2. A l’attention de tous ceux qui ont pris connaissance de la longue confession sans péchés de l’ambassadeur Moleka, je voudrais simplement rappeler succinctement mon itinéraire personnel:
Je m’appelle VANGU NGIMBI, je suis né le 15 novembre 1958 à Tuidi-Nzazi dans le Bas-Congo. J’ai fait toutes mes études primaires et secondaires dans les internats de cette province avant de les poursuivre respectivement à l’Université de Lubumbashi et à la Sorbonne à Paris. Titulaire d’un Doctorat en Anthropologie Sociale et en Sociologie Politique, parallèlement à d’autres formations, je suis marié à une française d’origine marocaine avec laquelle j’ai eu deux enfants. Quiconque est dans ma situation maritale sait que cette situation ne confère aucun caractère automatique, ni en droit ni de fait, pour ce qui concerne la nationalité.
Cette pratique qui consiste à diaboliser tous ceux qui sont à même d’apporter quelque chose de positif à la reconstruction de notre pays en les traitant d’étrangers et qui a causé un tort immense à l’image de la RDC jusqu’au sommet de l’Etat, notamment lors de la dernière campagne électorale est bien connue. C’est la marque de fabrique d’une certaine catégorie de compatriotes. Je n'en rajouterai donc pas.

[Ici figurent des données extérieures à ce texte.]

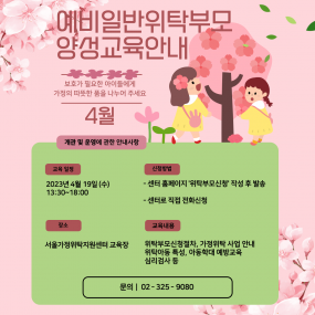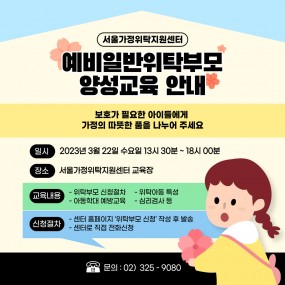 게시판 제목내용제목+내용 881 2023년 서울가정위탁지원센터 스토리 공모전 개최(4/17~5/7) l 공모주제: 우리가족의 행복한&n.. 2023-04-14 880 2023년 4월 예비일반위탁부모 양성교육 안내 * 콘텐츠 제작: 랜선 서포터즈(고나영, 김다연) 2023-04-05 879 [예결산] 2022년 세입,세출 결산(후원금품 포함) 및 사용결과보고서 우리 센터에서는 사회복지법인 및 사회복지시설 재무회계규칙 제19조(결산서.. 2023-03-31 878 임상심리치료 전문인력 육아휴직대체계약직 최종합격자 안내 서울가정위탁지원센터에서는 임상심리치료 전문인력 육아휴직대체계약.. 2023-03-30 877 서울청년문화패스 신청안내(4월 19일 ~ 4월 30일) 2023-03-29 876 임상심리치료 전문인력 육아휴직대체계약직 면접전형 합격자 안내 서울가정위탁지원센터에서는 임상심리치료 전문인력 육아휴직대체계약직에 대한&.. 2023-03-22 875 임상심리치료 전문인력 육아휴직대체계약직 면접대상자 안내 서울가정위탁지원센터에서는 임상심리치료 전문인력 육아휴직대체계약직에 대한면.. 2023-03-17 874 임상심리치료 전문인력 육아휴직대체계약직 서류전형 합격자 안내 서울가정위탁지원센터에서는 임상심리치료 전문인력 육아휴직대체계약직에 대한 .. 2023-03-13 873 자립준비 청소년을 위한 내가 그린(green) 멘토링 멘토 모집 서울가정위탁지원센터에서는 2023년 가정위탁 청소년을 위한 멘.. 2023-03-08 872 2023년 3월 예비일반위탁부모 양성교육 안내 * 콘텐츠 제작: 랜선 서포터즈(고나영, 김다연) 2023-03-06 871 2023년 서울가정위탁지원센터 자립챌린저스 합격자 발표 2023-03-06 870 서울시가정위탁지원센터 임상심리치료 전문인력 육아휴직 대체계약직 채용공고 서울특별시가정위탁지원센터에서는 어린이들이 행복한 세상을 만드는 일에 .. 2023-02-23 869 [복지] 브랜뉴디자인아카데미 자립준비청년「당신의 꿈을 응원합니다」무료수강 지원사업 신청 안내 서울시아동자립지원사업단에서는 ‘브랜뉴디자인아카데미’와 협업하여 디자인 분.. 2023-02-20 868 [복지] 서울특별시 중부기술교육원 지원 청년 및 경력단절여성 특화과정 교육생 모집 2023-02-20 867 2023년 서울가정위탁지원센터 자립챌린저스 사업 안내 2023년 서울가정위탁지원센터 자립챌린저스 사업 안내 2023-02-15 866 2023년 2월 예비일반위탁부모 양성교육 안내 2023-02-14 처음 1페이지 2페이지 3페이지 4페이지 5페이지 6페이지 7페이지 8페이지 9페이지 열린10페이지 다음 맨끝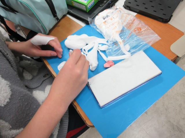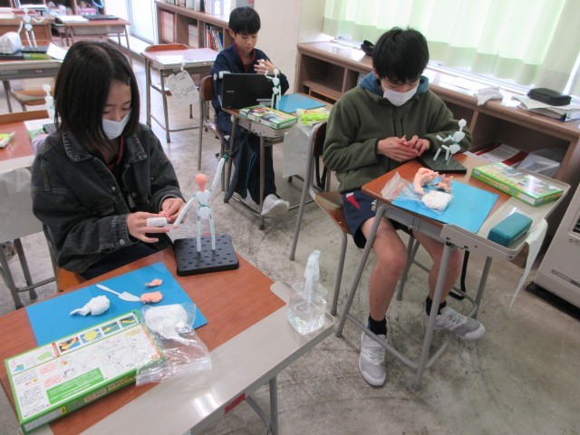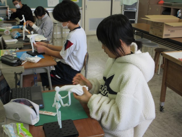 未来の自分の姿をイメージして、骨格と粘土で人形をつくっています。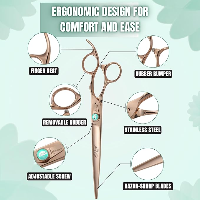 Kenchii Rose Dog Grooming Scissors, 8 Inch Straight Shears, Dog Scissors for Grooming, Ergonomic Design for Comfort and Precision, Heavy Duty, Durable and Sharp
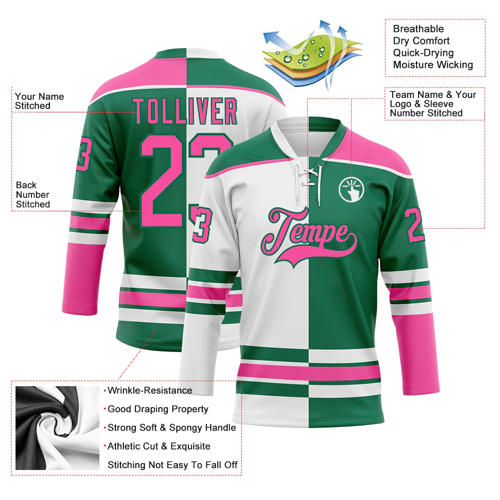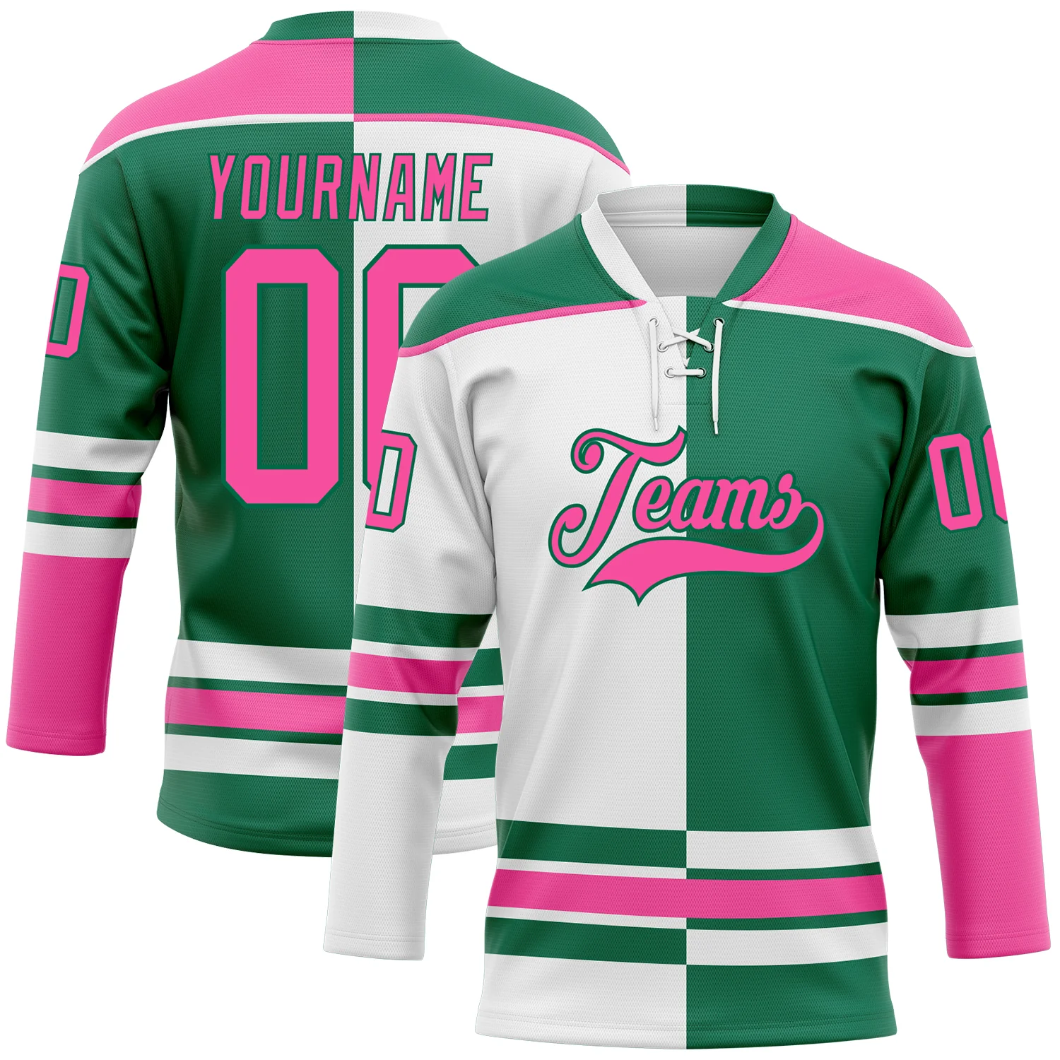Custom Green Pink-White Split Fashion Hockey Lace Neck Jersey

3 Quand un Ambassadeur qui a exercé des fonctions aussi importantes, une année durant, ne connaît même pas la définition d’un engagé local, cela se passe de tout commentaire. Monsieur Moleka, peut-il indiquer à l’opinion congolaise et internationale la procédure suivant laquelle Monsieur VANGU aurait été engagé localement à l’Ambassade de la RDC à Paris, par quel Ambassadeur et la nature du contrat qui le lierait, en cette qualité, à cette Mission Diplomatique ? Par ailleurs, je crois que l’on ne confie pas des fonctions aussi importantes que celles de Chargé des Questions Politiques et de la Communication d’une Ambassade à un engagé local. Comment alors expliquer que Moleka l’ait fait ? S’agit-il peut-être d’emploi fictif ? Dans ce cas, on connaît la suite ! Nous sommes en plein dans la fable du renard et des raisins. Pendant 06 ans pourtant, tous les Chefs de mission à Paris, Monsieur Moleka compris, ont confié à Monsieur VANGU la responsabilité du Service Politique, Diplomatique et de la Presse. Pour un simple engagé local, arrivé à l’Ambassade par la seule magie ethnique, ça fait un peu beaucoup non ?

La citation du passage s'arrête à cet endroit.